Attorneys general from California, Oregon and Massachusetts filed a brief on behalf of their citizens emphasizing “the States’ interests in protecting the environment, their natural resources and their citizens’ rights to be informed about the environmental impacts of federal actions.” A full list of the more than sixty organizations, companies and individuals who filed briefs in support of CFS and opposed to Monsanto can be viewed here.
Monsanto was supported by a bloc of powerful corporate interests and industry groups, including the American Farm Bureau, the Biotechnology Industry Organization, the American Petroleum Institute, the U.S. Chamber of Commerce, and CropLife America.
The environmental, health, cultural, and economic impacts of the genetically-engineered alfalfa seed, which is designed to be immune to Monsanto’s flagship herbicide Roundup, and the USDA’s plan to commercialize it, was at the heart of this dispute since 2006, when CFS filed a lawsuit against the USDA on behalf of a coalition of non-profits and farmers who wanted to retain the choice to grow non-GE alfalfa. Central to the issue is unwanted transgenetic drift: GE alfalfa can spread uncontrollably by way of bees that can cross-pollinate plants many miles away, contaminating both conventional and organic alfalfa with foreign DNA, patented by Monsanto.
“We brought this case to court because I and other conventional farmers will no doubt suffer irreversible economic harm if the planting of GE alfalfa is allowed,” said plaintiff Phil Geerston. “It was simply a question of our survival, and though we did not win on all points of the law, we are grateful that the practical result of today’s ruling is that Monsanto cannot take away our rights and Roundup Ready alfalfa cannot threaten our livelihoods.”

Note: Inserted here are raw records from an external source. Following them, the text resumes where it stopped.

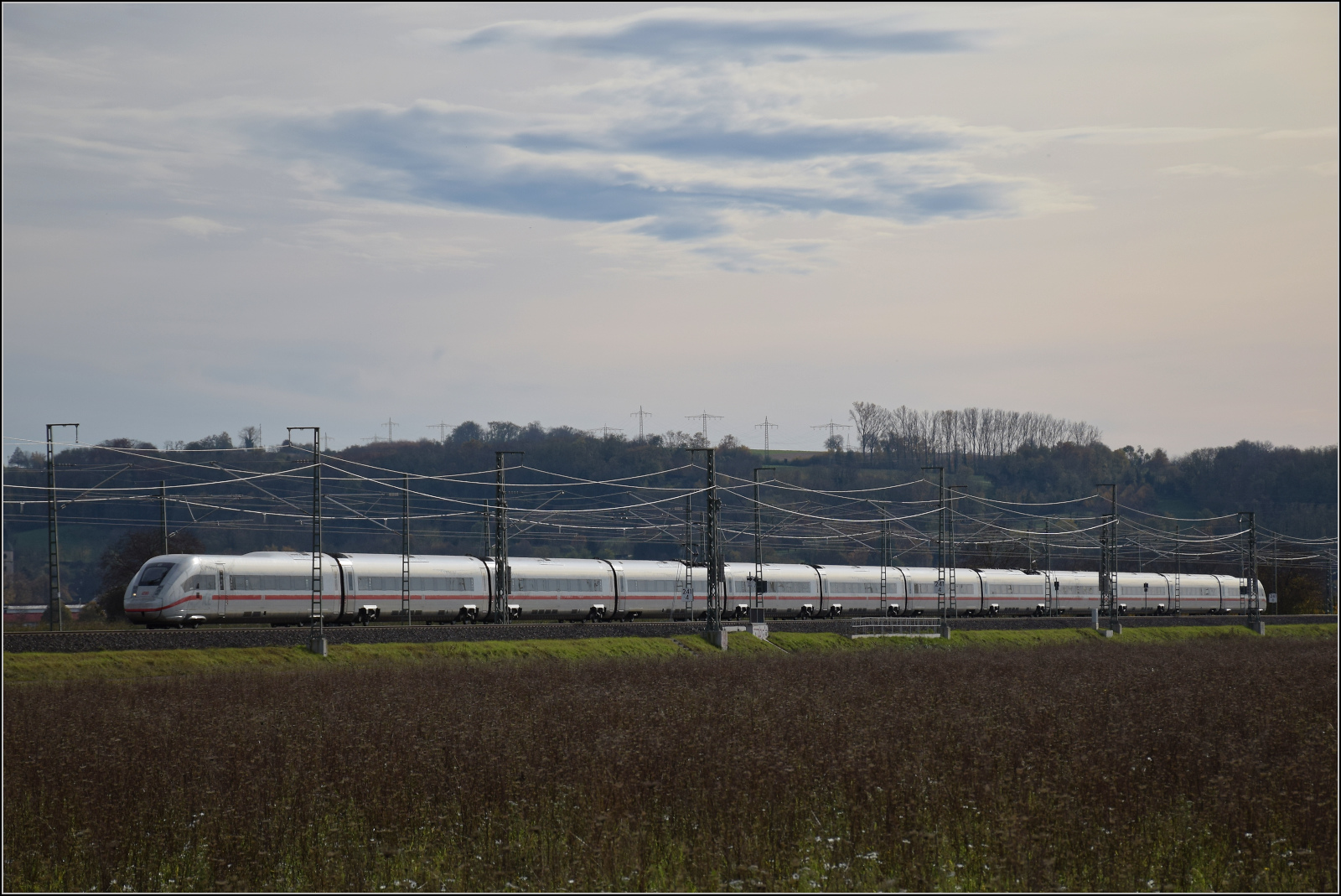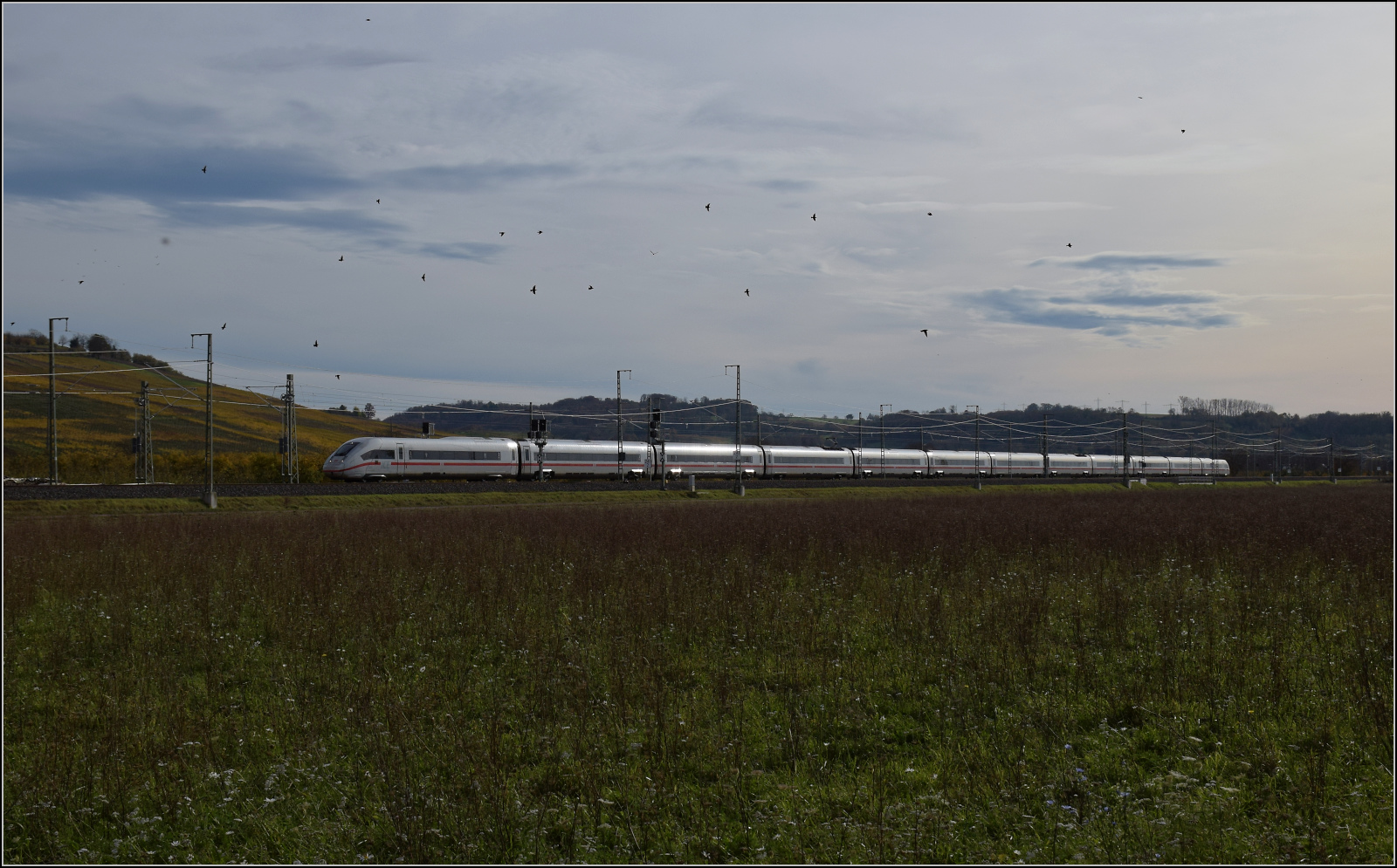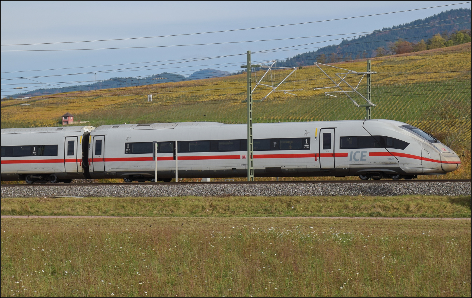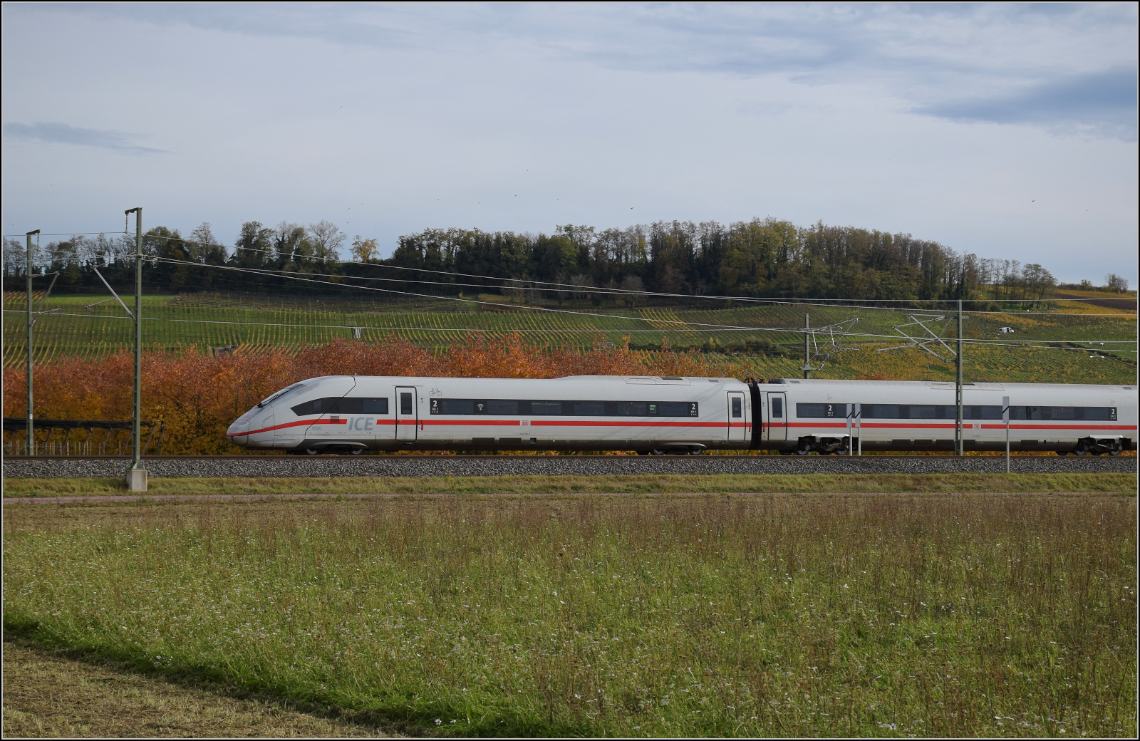 ICE 4 Triebzug 9028 bei Auggen. Oktober 2023.
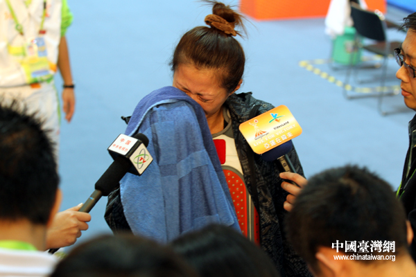 賽后接受媒體采訪時,楊淑君拭淚不斷。(中國臺灣網 鐘寶華 攝)
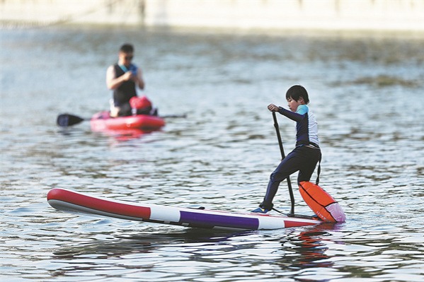 Urban dwellers in China are taking up paddleboarding to beat the sweltering summer heat and get closer to nature as COVID-19 restrictions limit their chances to go on long-haul trips.
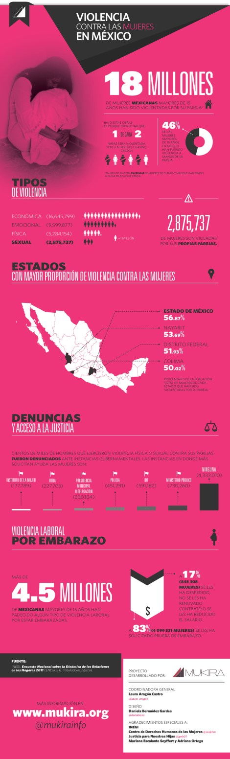 Mukira se dio a la tarea de recabar las estadísticas más recientes y relevantes respecto a la violencia contra las mujeres en México. Los hallazgos se presentan en la infografía a continuación.
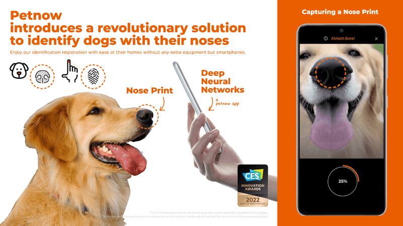 Así como los seres humanos podemos ser identificados por nuestra huellas digitales, los perros pueden reconocerse por los patrones de su nariz. Esta es la premisa de Petnow, una app creada por la startup C-Lab de Samsung y que fue galardonada en el CES 2022.
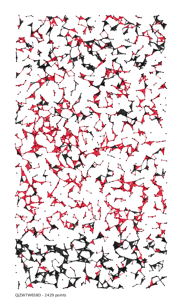 During PythonBrasil[14] at Natal, Rio Grande do Norte, Brazil, I've created a visual project using the participant's badges. Each badge had a 10 chars identification token and, using this token as an input to control the sketch randomness, I've generated one single image per badge.

Alfalfa is the fourth most widely grown crop in the U.S., and a key source of dairy forage. Organic and conventional farmers faced the loss of their businesses due to widespread contamination from Monsanto’s patented GE alfalfa, and the foreseeable contamination of feral or wild alfalfa would ensure an ongoing and permanent source of transgenic pollution in wild places akin to that of invasive species. The New York Times recently covered the epidemic of super-weeds Monsanto’s Roundup Ready crops are causing across the country.